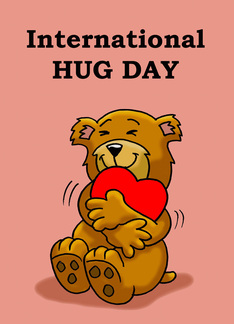 International Hugging or Hug day Card with a Cartoon Bear Hugging a Heart
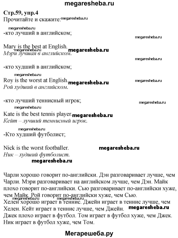 Подробный решебник (ГДЗ) по Английскому языку за 3 (третий) класс - готовый ответ часть 2. страница - 59. Авторы учебника: Верещагина, Притыкина, Углубленный уровень. Издательство: Просвещение 2013-2023.
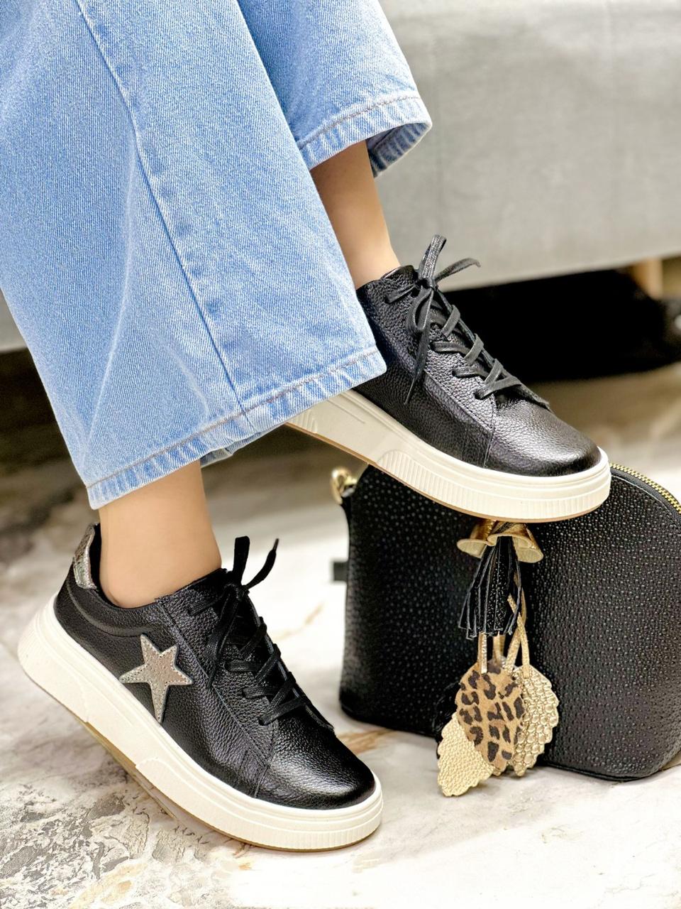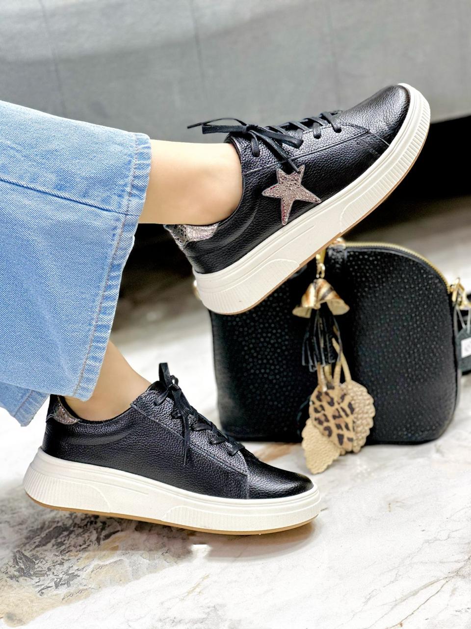 Estos tenis en cuero color Negro son el equilibrio perfecto entre estilo y comodidad. Su diseño se realza con elegantes detalles en color plomo, que aportan un toque moderno y sofisticado, ideal para elevar cualquier outfit casual. Cuentan con una suela talco que brinda una pisada estable y cómoda, perfecta para el uso diario. Son versátiles, fáciles de combinar y pensados para quienes buscan un calzado práctico sin perder el estilo.
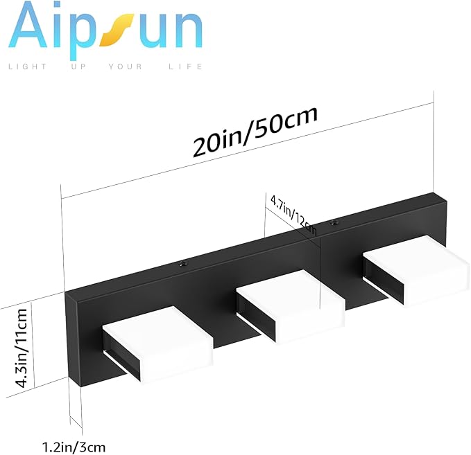 Aipsun Modern Bathroom Light Fixtures - 3 LED Vanity Lights for Over Mirror, White Light 6000K
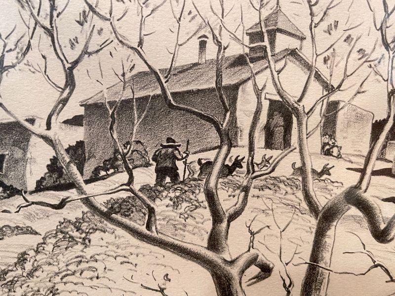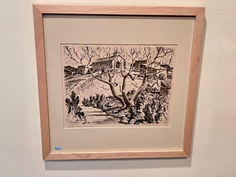 This is an original signed lithograph print by founding Prairie Printmaker member Coy Seward. The New Mexican landscape features a small short-steepled church and some road-side dwellings with an older gentleman herding goats up the road.
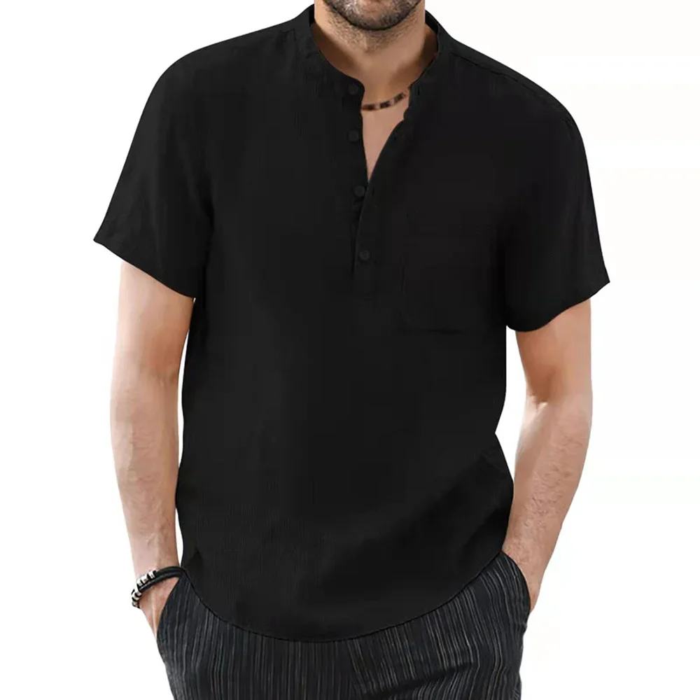 Men's Short Sleeve T-shirt Cotton and Linen Casual Men T-shirt Solid Color Summer Shirt Male Cozy Breathable US Size
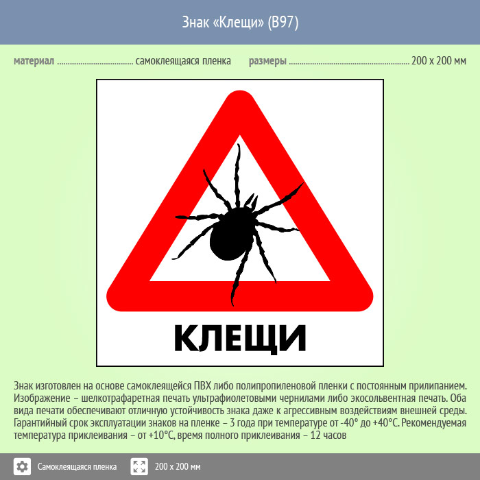 Знак «Клещи», B97 (пленка, 300х300 мм) в Омске купить
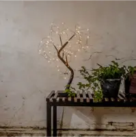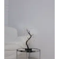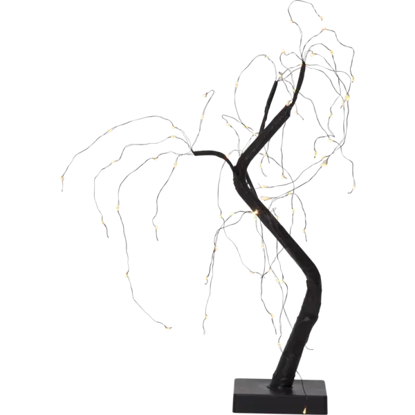 Fint dekorationsträd med dewdropslinga. Batteriboxen är placerad undertill i foten vilket gör produkten lättplacerad utan onödiga kablar. Ger ett härligt ljussken. För inomhusbruk.
▬▬▬▬▬▬▬▬▬▬
Problem details: Going from the line holding "в Омске купить" to the last line of the data above, reproduce every line exactly, both included, with the pictures omitted.

Response to this exercise:
 Знак «Клещи», B97 (пленка, 300х300 мм) в Омске купить
 Fint dekorationsträd med dewdropslinga. Batteriboxen är placerad undertill i foten vilket gör produkten lättplacerad utan onödiga kablar. Ger ett härligt ljussken. För inomhusbruk.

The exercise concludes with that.